**Work item**
In the records below, find the line that contains "職人が1つ1つ丁寧にカービングで描いたロングウォレットです。" and the line that contains "Begane grond: Entree/hal"; write out exactly those two lines and everything between them, without the pictures.

**Input**
......
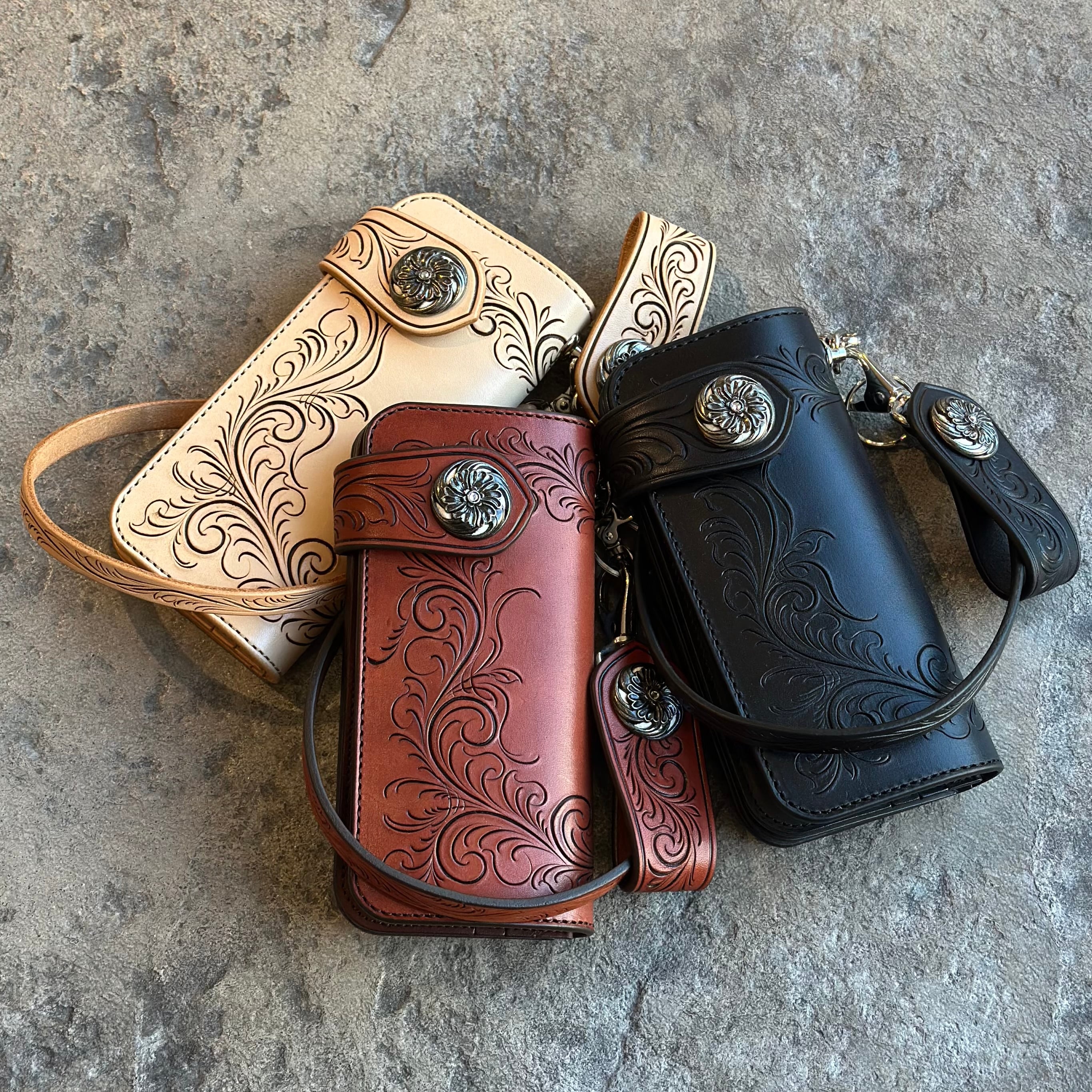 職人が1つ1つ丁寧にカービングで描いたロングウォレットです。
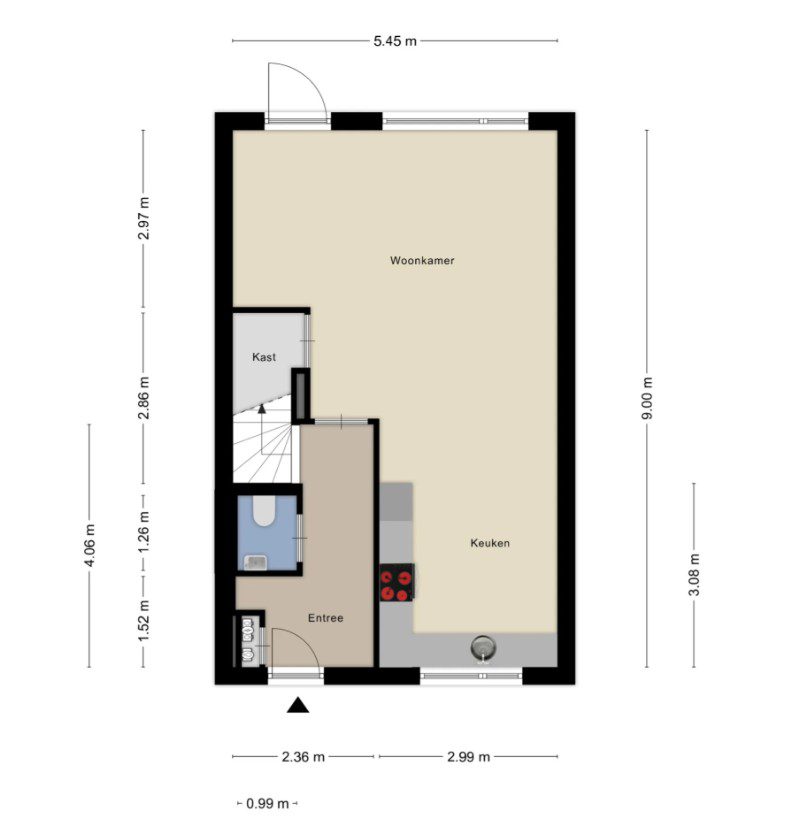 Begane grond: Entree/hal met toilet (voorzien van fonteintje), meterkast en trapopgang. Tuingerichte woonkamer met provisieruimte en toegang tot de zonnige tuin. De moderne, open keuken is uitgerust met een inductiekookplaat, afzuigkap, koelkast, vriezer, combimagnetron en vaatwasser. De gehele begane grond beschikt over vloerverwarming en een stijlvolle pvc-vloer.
......
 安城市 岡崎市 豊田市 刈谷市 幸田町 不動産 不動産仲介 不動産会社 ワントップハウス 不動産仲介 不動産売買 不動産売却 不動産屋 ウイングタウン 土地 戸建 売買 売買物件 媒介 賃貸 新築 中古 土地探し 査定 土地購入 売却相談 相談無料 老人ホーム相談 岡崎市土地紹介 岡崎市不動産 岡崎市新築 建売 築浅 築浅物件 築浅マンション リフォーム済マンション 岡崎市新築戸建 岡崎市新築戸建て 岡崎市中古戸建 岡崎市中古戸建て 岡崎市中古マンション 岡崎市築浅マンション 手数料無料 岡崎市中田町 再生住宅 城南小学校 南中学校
......
**Result of the exercise**
 職人が1つ1つ丁寧にカービングで描いたロングウォレットです。
 Begane grond: Entree/hal met toilet (voorzien van fonteintje), meterkast en trapopgang. Tuingerichte woonkamer met provisieruimte en toegang tot de zonnige tuin. De moderne, open keuken is uitgerust met een inductiekookplaat, afzuigkap, koelkast, vriezer, combimagnetron en vaatwasser. De gehele begane grond beschikt over vloerverwarming en een stijlvolle pvc-vloer.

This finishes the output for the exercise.